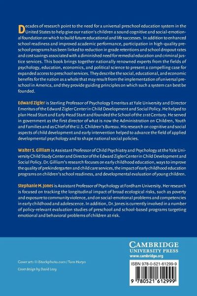 Edward Zigler and his colleagues have brought together renowned experts from the fields of psychology, education, social policy, and political science to present a compelling and well-supported case for expanded access to preschool services. This book describes the social, educational, and economic benefits for the nation as a whole that would result from the implementation of a universal access preschool program in America. It stands alone in its field for its accessibility, clarity, timeliness, and ability to combine a solid research background with practical recommendations for program design and implementation.
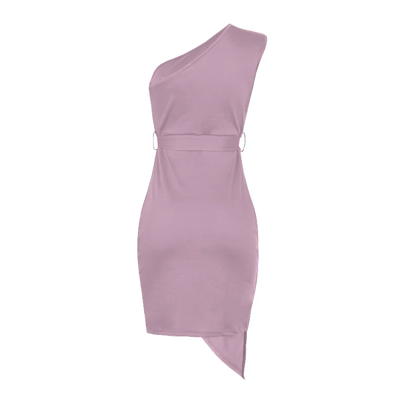 Летнее мини-платье на одно плечо с косым воротником, 2021, женские ...
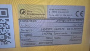 Wir freuen uns, Ihnen einen praktisch neuen Hallenkran zum Verkauf anzubieten, der Ihre zukünftigen Projekte erheblich erleichtern wird. Der Leichtportalkran RBPK 00113P von Ralf Brinkmann verfügt über eine Bauhöhe von ca. 5360 mm, eine Spannweite von 6000 mm und eine Breite von 2500 mm. Dieses Modell wurde im Jahr 2024 gebaut und ist bereit für den Einsatz. Profitieren Sie von der Qualität und Effizienz dieses Krans. Kontaktieren Sie uns bei Kilcher Transporte AG für weitere Informationen und um eine Besichtigung zu vereinbaren
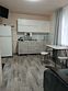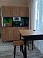 Кухня-гостиная: диван, обеденный стол, кухонный гарнитур, микроволновая печь, чайник, встроенная варочная поверхность, кухонный инвентарь от штопора до кастрюли.
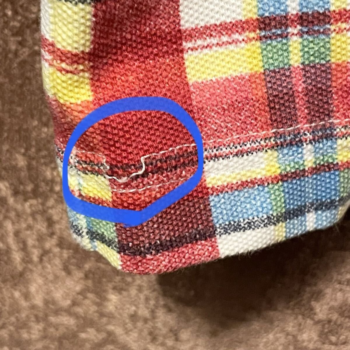 青丸部分の裾のステッチに一部ほつれがございます。
============
- **PROBLEM TO SOLVE**
Print exactly the lines from the line with "Кухня-гостиная: диван, обеденный" through the end of the data, both ends included, and print no pictures.

- **PROBLEM SOLUTION**
 Кухня-гостиная: диван, обеденный стол, кухонный гарнитур, микроволновая печь, чайник, встроенная варочная поверхность, кухонный инвентарь от штопора до кастрюли.
 青丸部分の裾のステッチに一部ほつれがございます。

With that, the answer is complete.